- Route of the Old Bed of Waipawa River
- Native name: Waipawa (Māori)

Location
- Country: New Zealand
- Island: North Island
- Region: Hawke's Bay
- District: Central Hawke's Bay

Physical characteristics
- Source: Coronation Park stop bank
- • location: Waipawa
- • coordinates: 39°57′58″S 176°38′17″E﻿ / ﻿39.96607°S 176.63801°E
- Mouth: Papanui Stream
- • coordinates: 39°54′07″S 176°39′41″E﻿ / ﻿39.9019°S 176.6613°E

Basin features
- Progression: Old Bed of Waipawa River → Papanui Stream → Tukituki River → Tukituki Estuary → Hawke Bay → Pacific Ocean
- Bridges: Tod Road Bridge, Old Riverbed Bridge (Elsthorpe Road)

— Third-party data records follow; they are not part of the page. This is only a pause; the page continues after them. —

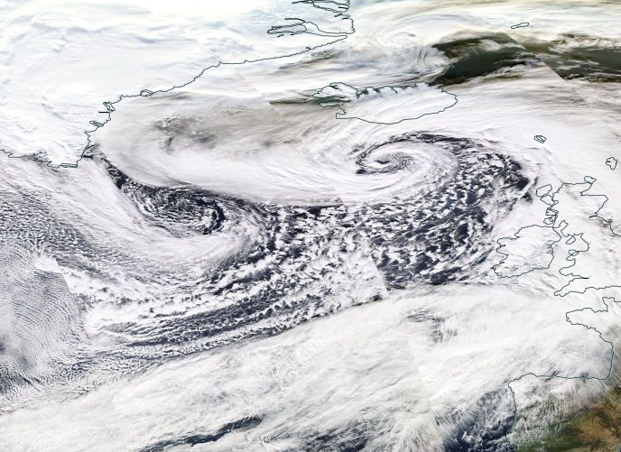 Pauroso il ciclone Dennis nei pressi dell'Islanda, minimo pressorio da 920hpa
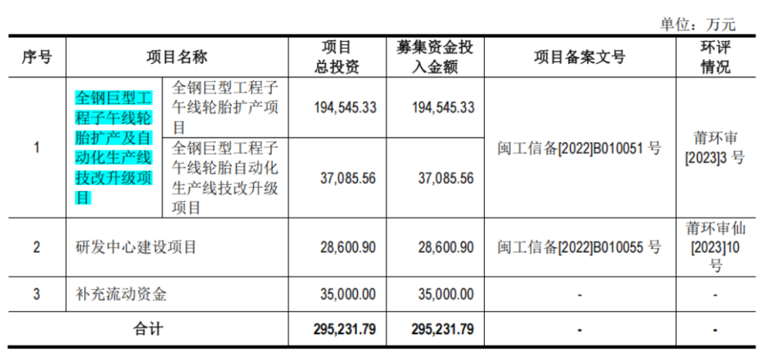 此次IPO募集资金在扣除相应发行费用后,将全部投入与主营业务相关的四大项目。其中,全钢巨型工程子午线轮胎扩产项目拟投入19.45亿元,全钢巨型工程子午线轮胎自动化生产线技改升级项目安排3.71亿元,研发中心建设项目规划投入2.86亿元,另有3.50亿元用于补充流动资金,募集资金投资总额达到29.52亿元。
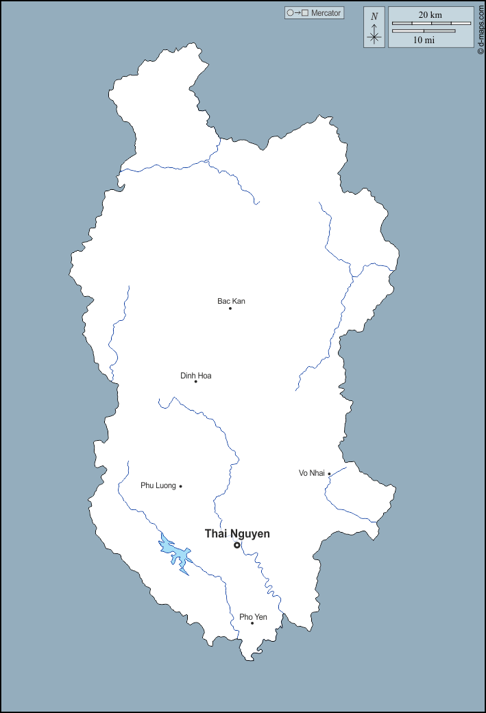 d-maps > एशिया > वियतनाम > थाई न्गुयेन प्रांत > बाह्यरेखा, जल-सर्वेक्षण, मुख्य शहरों, नाम
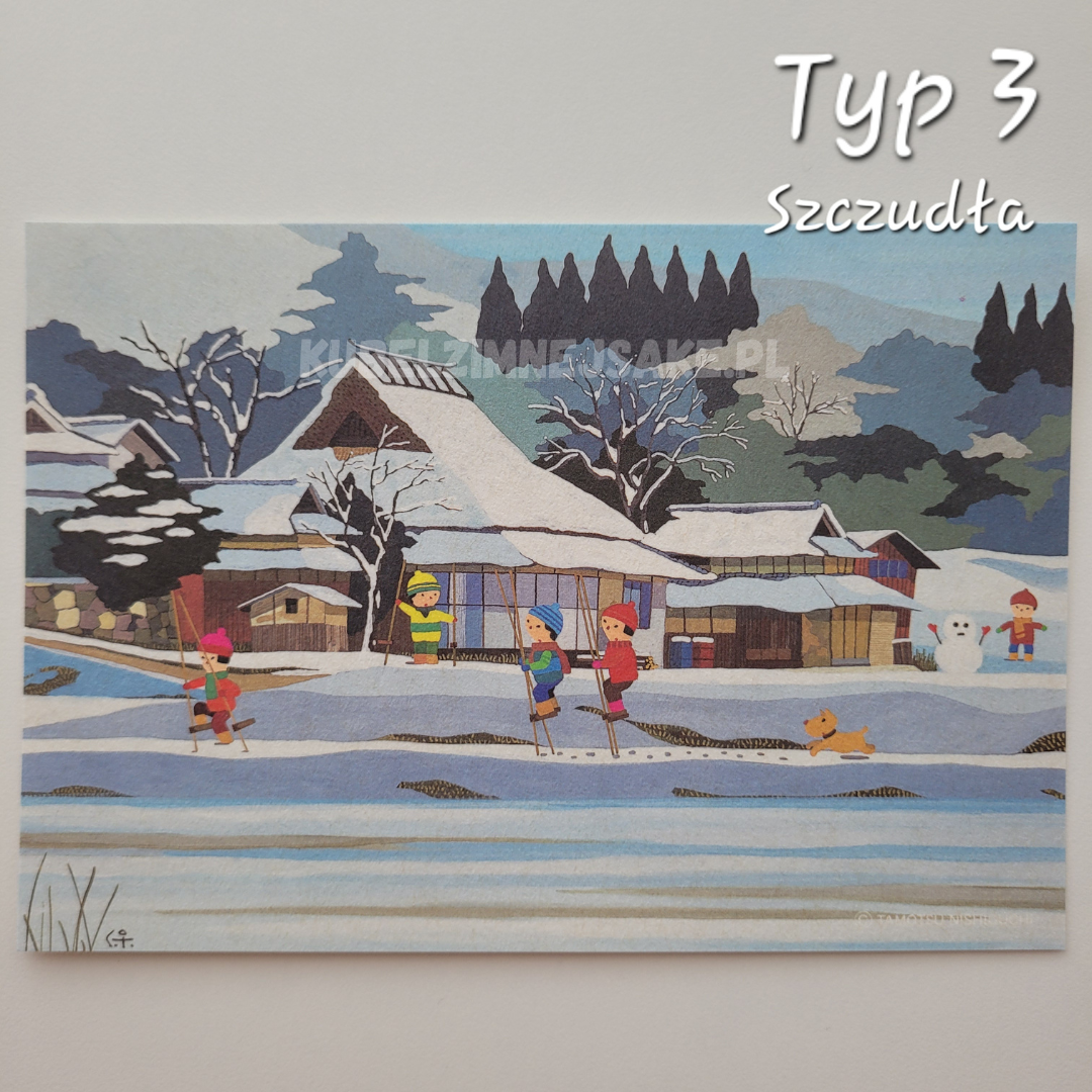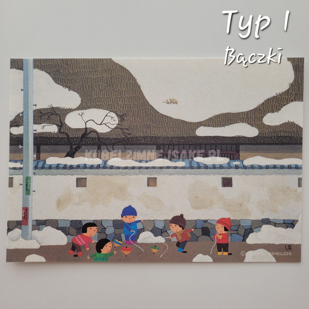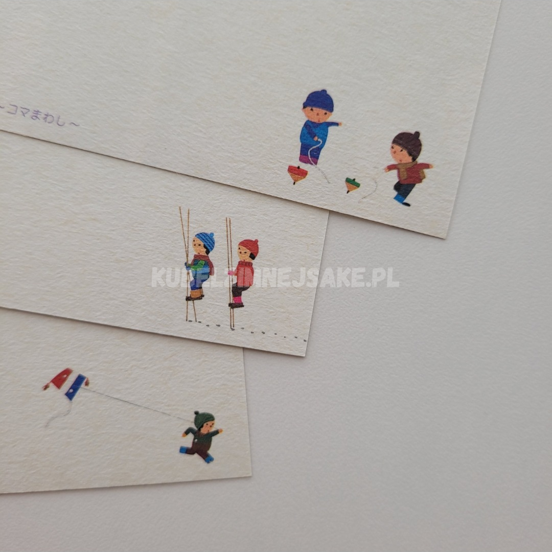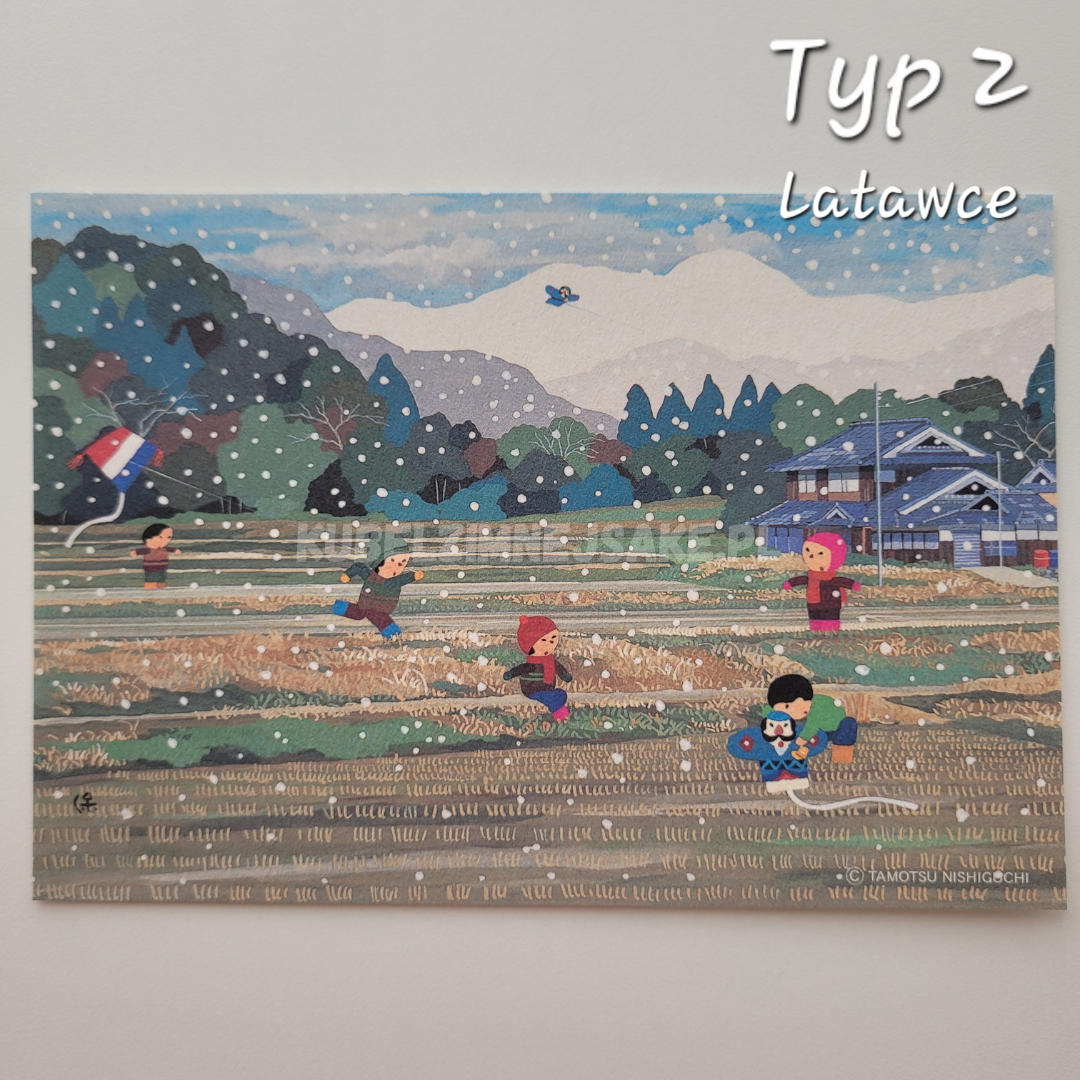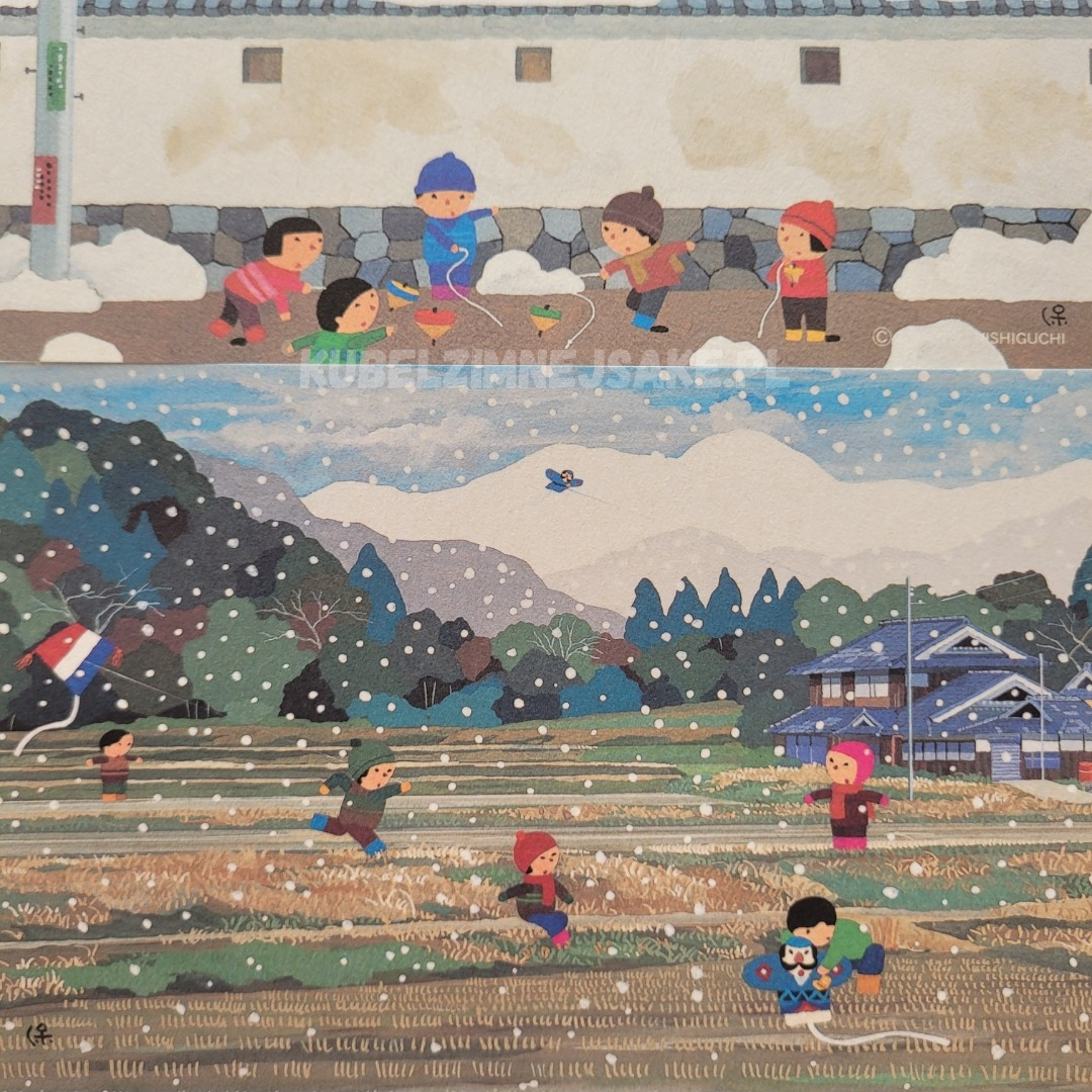 Pocztówki z "Serii Cieszącej Serce" autorstwa ilustratora Tamotsu Nishiguchi z Osaki przedstawiające dzieci bawiące się na dworze zimową porą. Każda pocztówka ma dodatkową mini ilustrację także z tyłu.
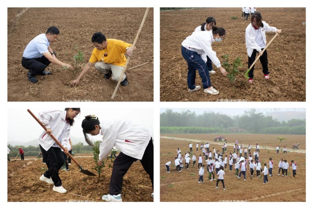 活动开始前,柑橘种植专家严勇国老师为同学们讲解关于种植果树的方法及注意事项。同学们仔细聆听,认真学习,迅速掌握相关技巧。随后,大家分组合作、互相配合、干劲十足,纷纷拿起铁铲、铁锹,种下百余棵柑橘树苗,以实际行动弘扬劳动精神,为“绿美广东”行动、乡村振兴事业贡献华商力量。
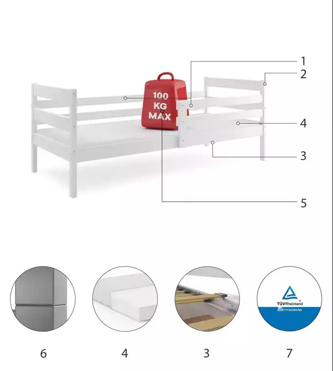 Dětská postel ERYK 90x200 cm, s matrací, Bílá
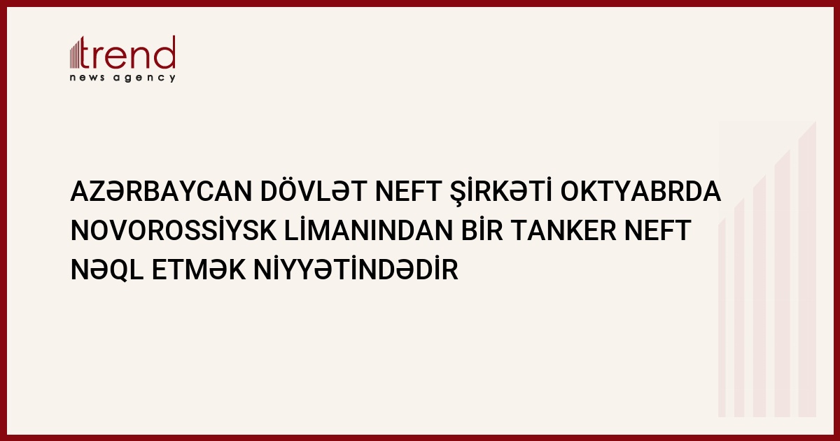 Azərbaycan Dövlət Neft Şirkəti ((AR DNŞ) oktyabrda Novorossiysk limanının N2 körpüsündən 80 min ton neft yükləməyi nəzərdə tutur. Sentyabrda isə Rusiya limanından 79 min ton neftin nəqli gözlənilir.
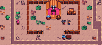 - 3 NPCs (sheriff, cowboy and bandit) with walk and idle animations in four directions;
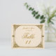 This custom double sided Wedding Table Number Card features a distressed, vintage parchment paper style background in creamy neutral shades with an antique style ornamental fram in golden tones.
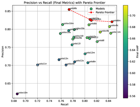 The baseline evaluation identified yolo8m as achieving the highest initial performance with 0.718 mAP. Pareto frontier analysis revealed four configurations (yolo8s, yolov9m, yolo8m, and yolov9c) that provide optimal precision–recall trade-offs, with no other models simultaneously improving both metrics.
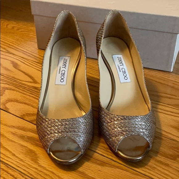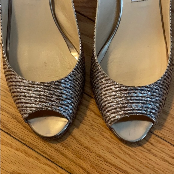 Authentic JC metallic fabric leather lining open toe pumps, very comfortable for walking dancing special occasion. Rose gold/champagne color. Fabric part is perfect, very small...
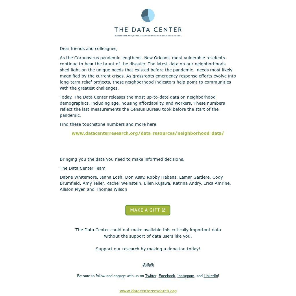 Today, The Data Center releases the most up-to-date data on neighborhood demographics, including age, housing affordability, and workers. These numbers reflect the last measurements the Census Bureau took before the start of the pandemic.

= Old Bed of Waipawa River =

River in the Hawke's Bay Region, New Zealand

The Old Bed of Waipawa River is a river of the Hawke's Bay region of New Zealand's North Island. It flows roughly parallel with and north of the Waipawa River, which it almost meets to the east of Waipawa. It flows into the Tukituki River via the Papanui Stream, south west of Lake Poukawa. The Waipawa changed its course during a flood in 1868. In the Cyclone Gabrielle event of February 2023 the flooded river broke its banks south of Waipapa town and reverted to its old bed, causing significant damage to farms and property. The Coronation Park stop bank in Waipawa was repaired on 16 February 2023, returning the Waipawa to its post 1868 course.